The Oceanospirillales symbionts are found in the specialized roots of all Osedax species,  and play a major role in accelerating the degradation process of bones, as well as facilitating nutrient uptake for the Osedax. Oceanospirillales are known for their ability to degrade complex organic compounds.
Campylobacterales are abundant along the trunk of the Osedax according to a 2023 study. Different genera in this order are found in Osedax at different points during the whale's degradation:
  1. Members of the Arcobacter genus are the primary early colonizers.
  2. Sulfurospirillum genus members colonize at ~50 months, during the transitional stages of organic carbon breakdown.
  3. The Sulfurimonas genus dominates at >140 months, and are key players in its symbiosis with the Osedax host.
The Sulfurimonas genus in particular protects the Osedax worms from potentially harmful by-products produced at >140 months of the whale fall degradation. The Sulfurimonas bacteria house the type II and IV sulfide:quinone oxidoreductase genes that encode enzymes to oxidize and assimilate sulfide. These reactions prevent the host from absorbing toxic by-products across the epithelial barrier.

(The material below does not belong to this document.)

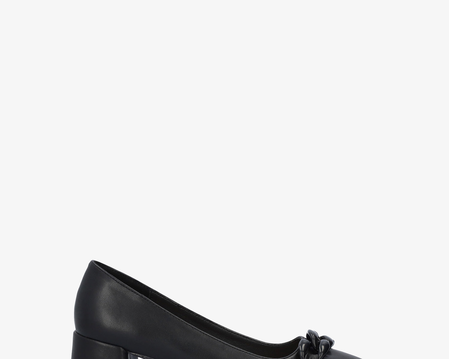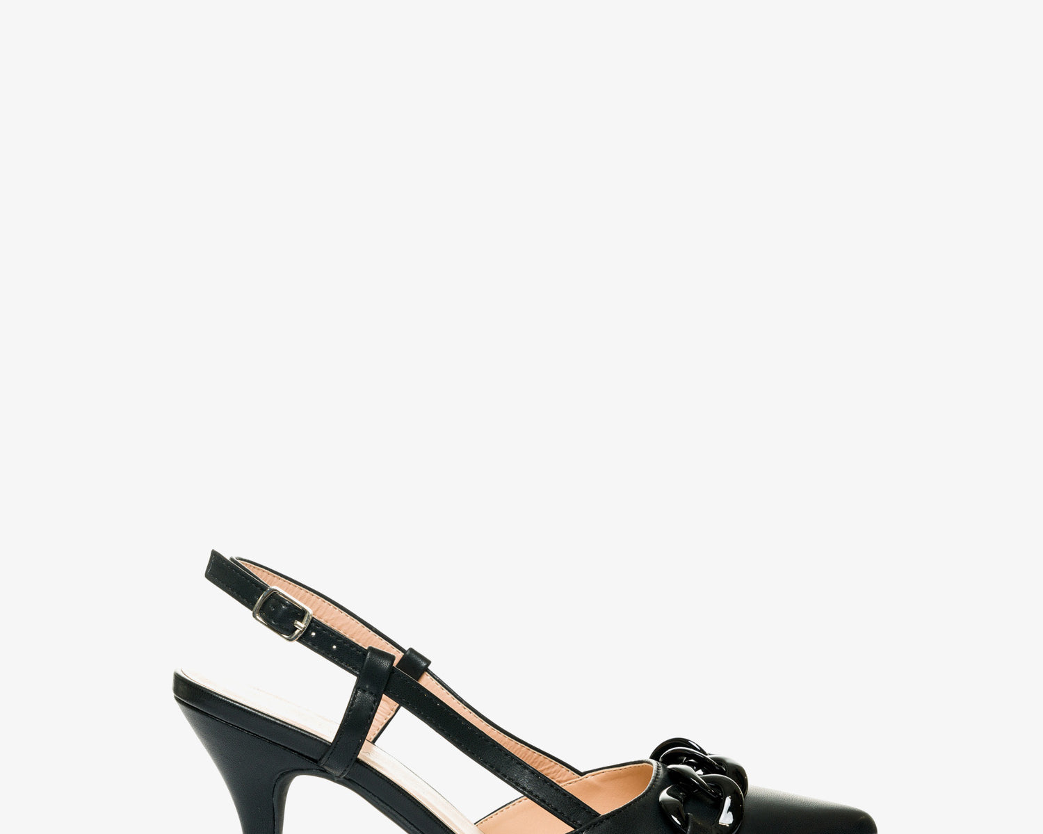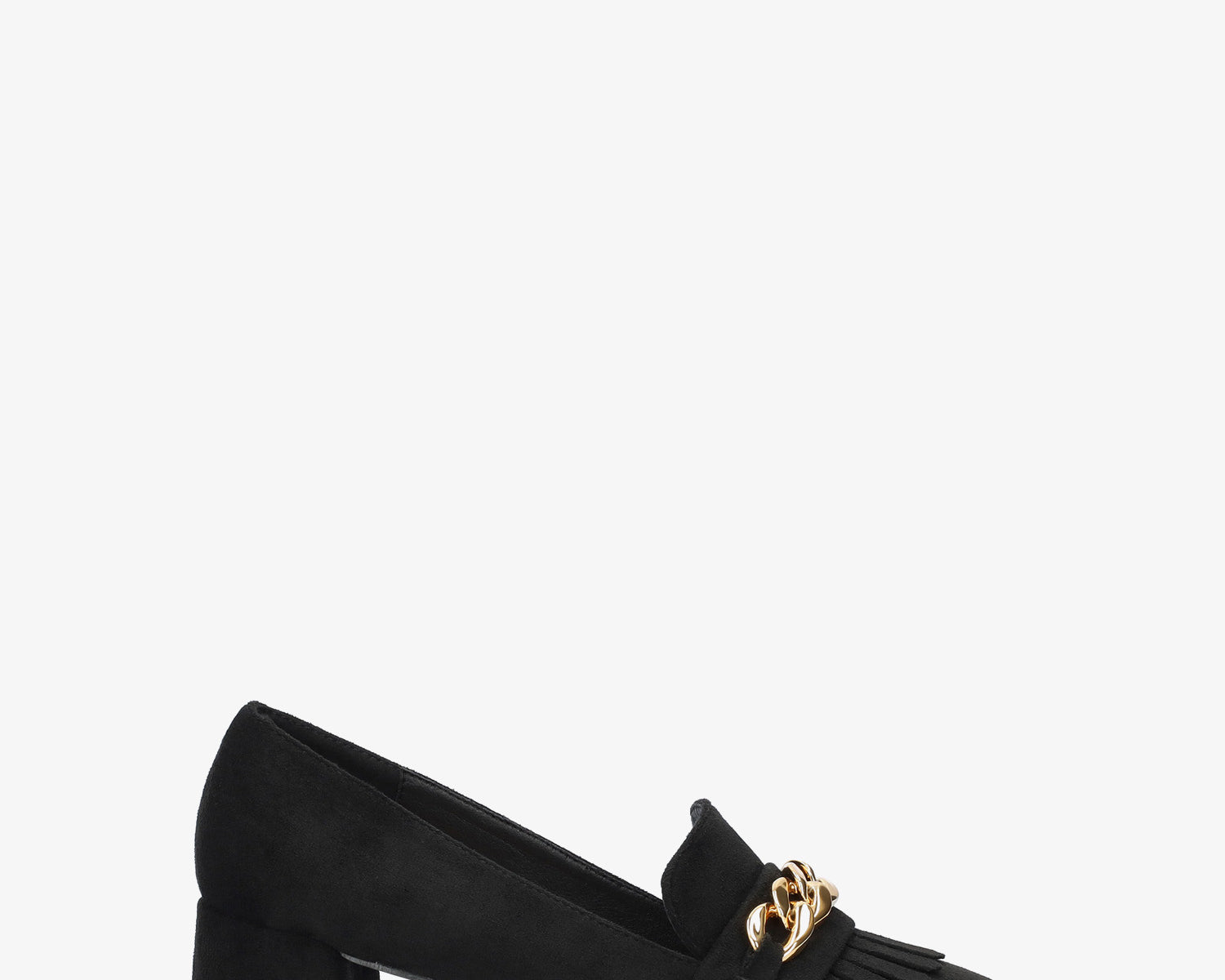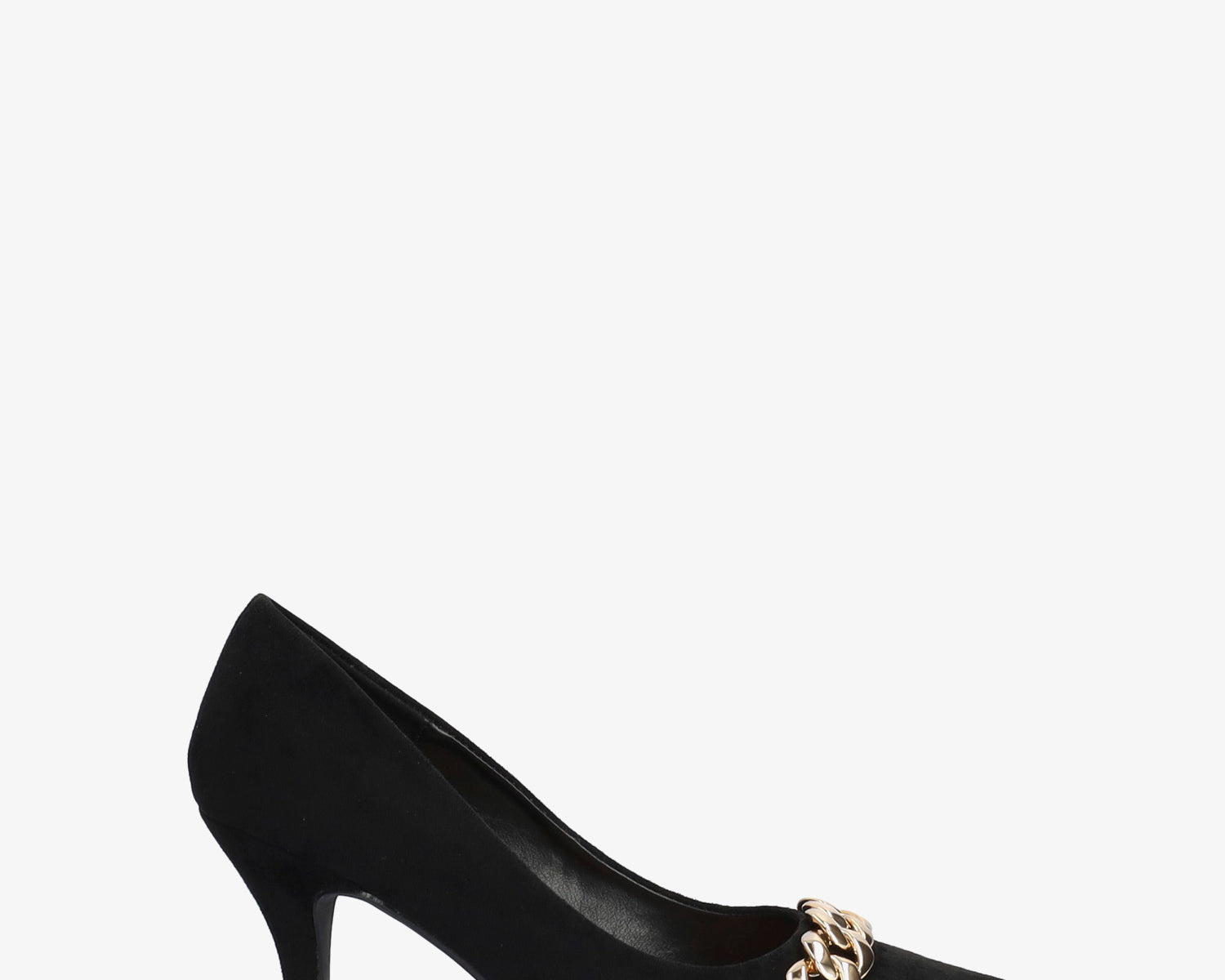 Heeled shoes in black faux suede with chain link detail

Sexual dimorphism and life cycle

Osedax males are notably smaller than their female counterparts. Between 50 and 100 microscopic dwarf males live inside the tube surrounding a single female and never develop past the larval stage; they produce sperm from yolk reserves. Male dwarfism prevents competition with female Osedax worms for food and space. Conditions that favour dwarfism in male Osedax are:
  1. Eliminates competition between male and female Osedax as resources are limited,
  2. Sessile lifestyle: attach to and rely on females for food,
  3. Decreases difficulty in finding a mate.
Interestingly, Osedax priapus lack the frequently observed male dwarfism. Males live freely and compete for space and food with females. Being larger, they produce and carry more sperm. However, sexual size dimorphism is still observed in O. priapus: most males are one-third the volume of females.
Annelid sex is typically determined by genetic factors, however models of environmental sex determination have been proposed for Osedax, in which larvae that settle on bones mature into females, while larvae that settle on female Osedax do not fully develop and mature into males. Osedax japonicus in particular has showcased an environmental form of sex determination.

Life cycle

Female Osedax worms have been observed spawning both in the wild and in laboratory aquaria. Osedax rubiplumus can spawn hundreds of oocytes at a time. They are already fertilized when they are released from the female worm. The worms' endosymbionts, species of bacteria in the order Oceanospirillales, were not observed in the spawned oocytes, which suggests that they are acquired after the worms settle on the bones. Osedax appears to be highly fecund and reproduces continuously.
  • Mature female Osedax worms spawn eggs into the mucus attached to their tubes, where the embryos develop for 3 days.
  • Larvae then begin to swim in the water column. This is called the trochophore stage. The larvae settle on whale bones and begin crawling.
  • During the trocophore stage, male Osedax settle on the tubes of the females, where they are metamorphosed into dwarf males, which can be inside or outside the female tube.
  • 1 day after settling on bones, larvae use two pairs of chaetae to attach to the substrate. Juvenile worms begin to secrete mucus and develop two ventral palps on the dorsal side of the prostomium.
  • 2 days after settling, the palps elongate and the heart starts to beat. The roots attach to the bones begin to digest.
  • 4 days after settling, the trunk and ventral palps elongate, where symbiotic bacteria are detected in the root.
  • 7 days after settlement, pinnules extend from the ventral palps.
  • 10 days post settlement, the juvenile worms have 4 palps with pinnules, an oviduct, and a distinct root system.